In Nunavut, the construction of a new gold mine helped engineering construction, which increased 68%, more than offsetting declines in residential and commercial construction.

Housing construction fell in every province and territory in 2023. Six jurisdictions saw double-digit declines in production. Housing construction fell 15.5% in Prince Edward Island, 19.1% in Quebec and 12.7% in British Columbia.

The Liberals have previously argued that high levels of immigration are necessary to keep the economy supported and that a key workforce is needed to help the housing sector. Despite this, 75% of Canadians believe that high levels of immigration are fueling the housing crisis.

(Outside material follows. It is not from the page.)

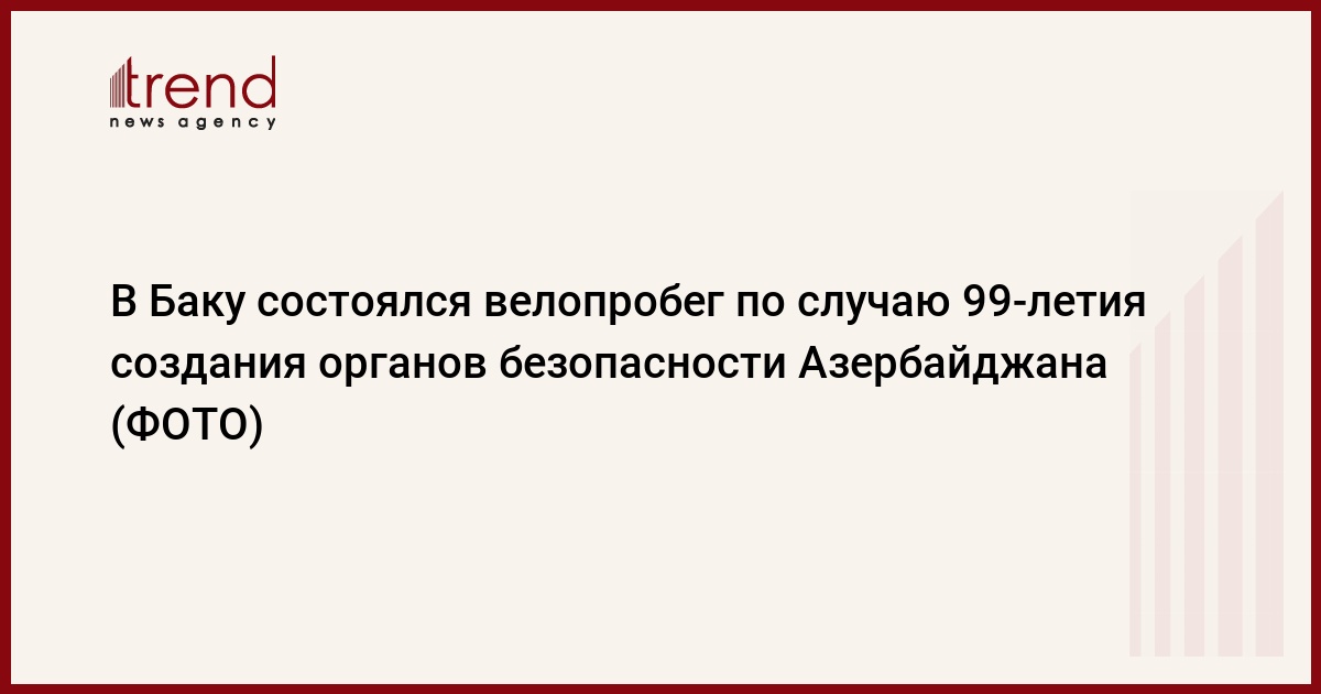 Накануне профессионального праздника в Баку состоялся велопробег, организованный Клубом велосипедного спорта (КВС) при СГБ, говорится в сообщении Службы государственной безопасности (СГБ).

“We need to move away from the idea that immigrants are the main cause of housing pressure and house price growth,” said Immigration Minister Marc Miller.

Canada’s largest housing markets also saw a decline in the number of real estate agents’ offices and real estate-related activity. Quebec, Ontario and British Columbia saw declines of 13.9%, 12.7% and 10.5% respectively.

“Year-over-year activity declined in all areas as potential buyers faced higher financing costs,” Statistics Canada said.

Final GDP data for 2023 is expected to be released in November. The data will contain more extensive details, including income and expenses. The future release will also provide revised estimates for 2021 and 2022.